Ahmad Awais@MrAhmadAwais

Introducing chartli 📊 CLI that turns plain numbers into terminal charts. ascii, spark, bars, columns, heatmap, unicode, braille, svg. $ 𝚗𝚙𝚡 𝚌𝚑𝚊𝚛𝚝𝚕𝚒 I wanted terminal charts with zero setup. No browser, no Python env, no matplotlib. Pipe numbers in, get a chart out.

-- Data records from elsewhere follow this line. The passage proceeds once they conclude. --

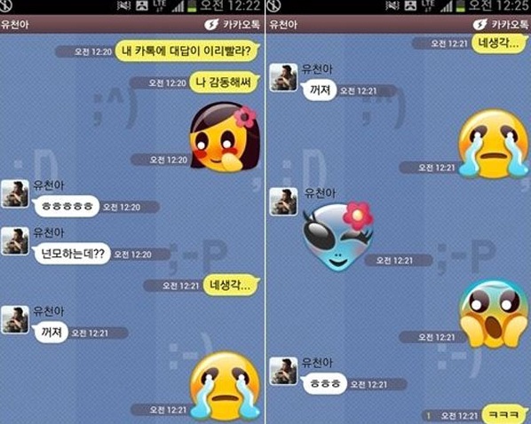 여기에는 준수가 유천에게 "대답이 이리빨라? 나 감동해써"라는 글과 함께 부끄러운 표정의 이모티콘을 날렸다.
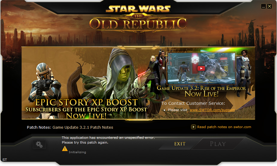 Star Wars The Old Republic Unspecified Error With Patch Unable To Communicate With External Ui
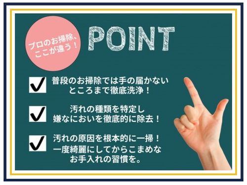 家庭用洗剤では落とせない汚れに対応出来るよう、専門的な知識を使ってあらゆる汚れに対応します!
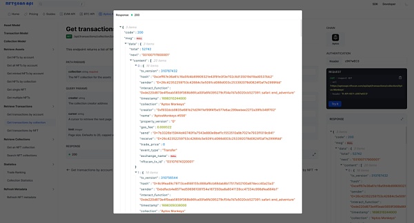 用户可以通过 Transactions API 获取任意 NFT 资产完整的交易记录、行为及当前所有权信息,实现对 NFT 的全面跟踪,为开发者分析 NFT 的交易特征、价格走势、流转路径等提供了全面可靠的数据来源。
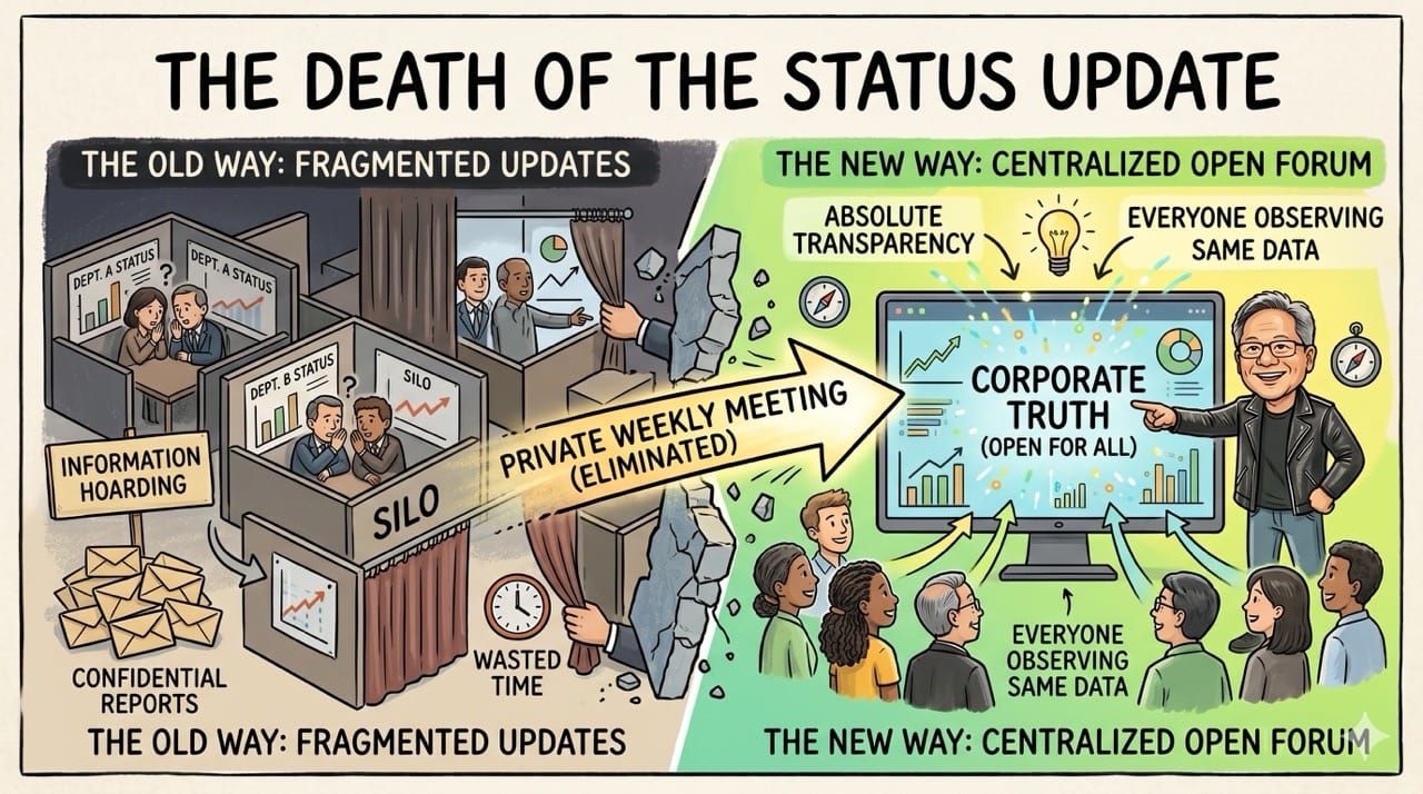 Legacy executives rely on isolated status meetings to hoard valuable information. The architect of the artificial intelligence revolution forces absolute transparency by flattening the entire organizational chart.
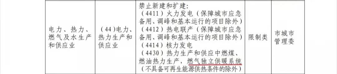 《目录》提到,禁止新建和扩建燃气独立供暖。
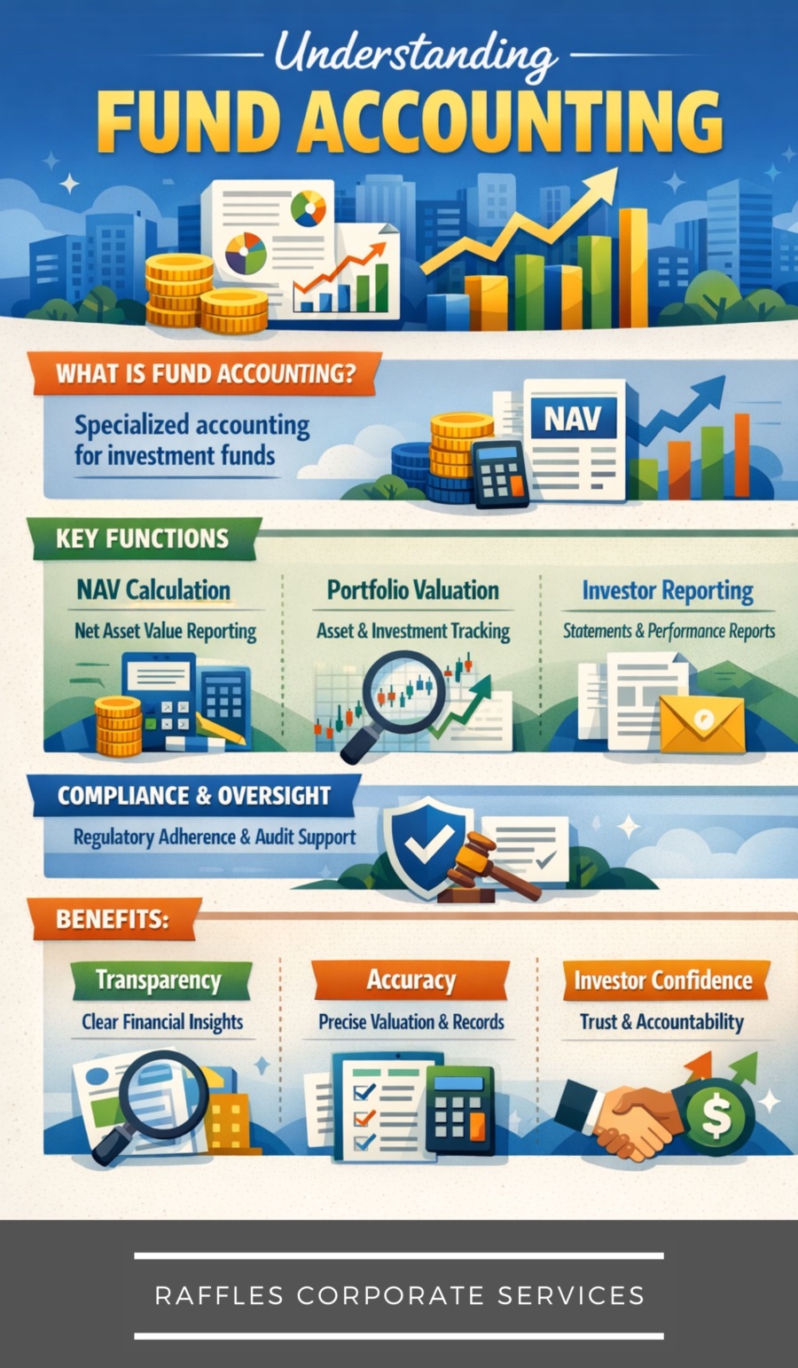 Fund accounting is a specialised accounting method used to track the financial position and performance of investment funds. In Singapore, it focuses on net asset value (NAV), investor subscriptions and redemptions, and portfolio valuation. As a result, it differs significantly from traditional corporate accounting.
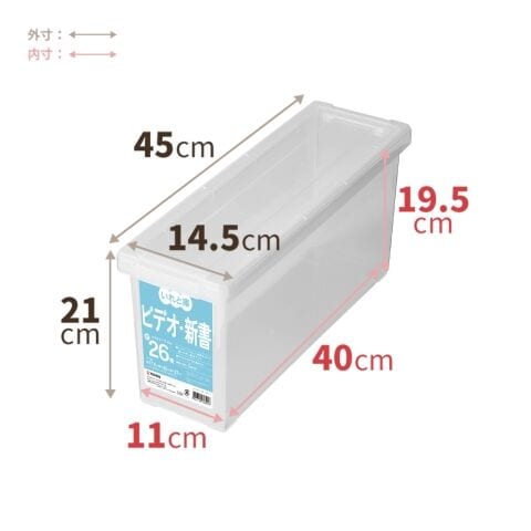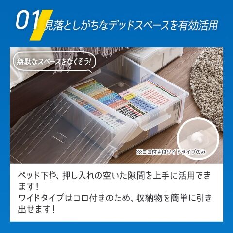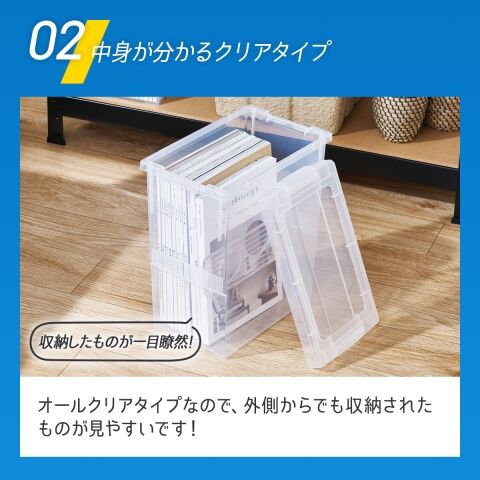 フタをしていても中身が見えるオールクリアタイプなので、収納されているものが一目で確認できます。ケースに収納したままでも側面から背表紙が見えるので、積み重ねていても探しやすいです。
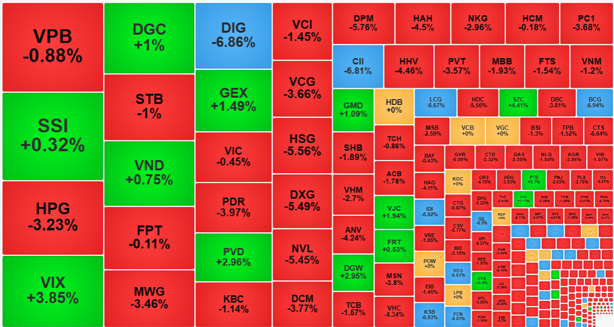 HoSE đóng cửa vẫn có 27 mã giảm hết biên độ, trong đó nhiều mã thanh khoản rất lớn như BCG khớp 104,4 tỷ đồng, DIG khớp 509,5 tỷ, CII khớp 222,7 tỷ, LCG khớp 120,2 tỷ. Tính chung nhóm giảm trên 3% hôm nay có tới 22 mã thanh khoản trên 100 tỷ đồng.
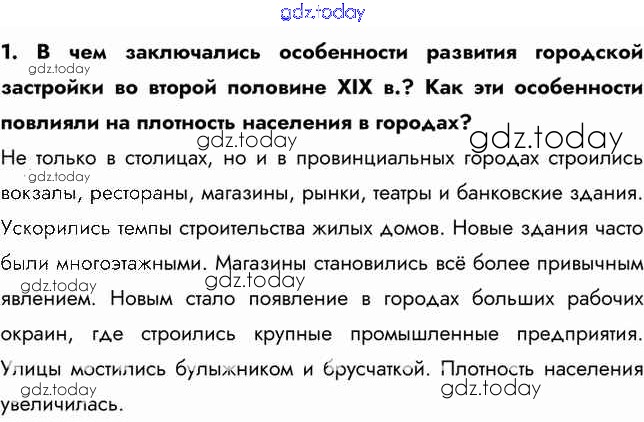 На страницах сайта gdz.today вы найдете учебный и вспомогательный материал, направленный на улучшения знаний школьной программы. ГДЗ - онлайн мир знаний Вопросы и задания Повседневная жизнь разных слоев населеия в XIX в. 1 Учебнику по Истории России для 9 класса Арсентьев, Данилов  Просвещение  2016

Again built using Command Code with my CLI taste. $ npx chartli data.txt -t ascii -w 24 -h 8 8 chart types spanning a fun range of Unicode density: - ascii (line charts with ○◇◆● markers) - spark (▁▂▃▄▅▆▇█ sparklines, one row per series) - bars (horizontal, ░▒▓█ shading per series) - columns (vertical grouped bars) - heatmap (2D grid, ░▒▓█ intensity mapping) - unicode (grouped bars with ▁▂▃▄▅▆▇█ sub-cell resolution) - braille (⠁⠂⠃ 2×4 dot matrix, highest density) - svg (vector output, circles or polylines) Input format is dead simple: rows of space-separated numbers. Multiple columns = multiple series. 0.0 0.1 0.1 0.1 0.2 0.4 0.2 0.4 0.3 0.2 0.4 0.2 Composes with pipes: $ cat metrics.txt | chartli -t spark S1 ▁▂▃▄▅▆ S2 ▁▄▂▇▅█ S3 ▁▂▄▃▆▅ S4 ▁▄▂▇▂▇ The braille renderer is my fav. Each braille character encodes a 2×4 dot grid, so a 16-wide chart gives you 32 pixels of horizontal resolution. Free anti-aliasing from Unicode. The bars renderer uses 4 shading levels (░▒▓█) to visually separate series without color. Works on any terminal, any font. Heatmap maps values to a 5-step intensity scale across a row×column grid, so you can spot patterns in tabular data at a glance. SVG mode has 2 render paths: circles (scatter plot) and lines (polylines). Output is valid XML you can pipe straight to a file or into another tool. Zero config by default, every dimension overridable (-w width, -h height, -m SVG mode). No config files. No themes. No dashboards. $ 𝚗𝚙𝚡 𝚌𝚑𝚊𝚛𝚝𝚕𝚒 Or global install it. $ npm i -g chartli # Skill for your agents $ npx skills add ahmadawais/chartli If you work in terminals and want quick data visualization without leaving your workflow, try it. ⌘ let's go!!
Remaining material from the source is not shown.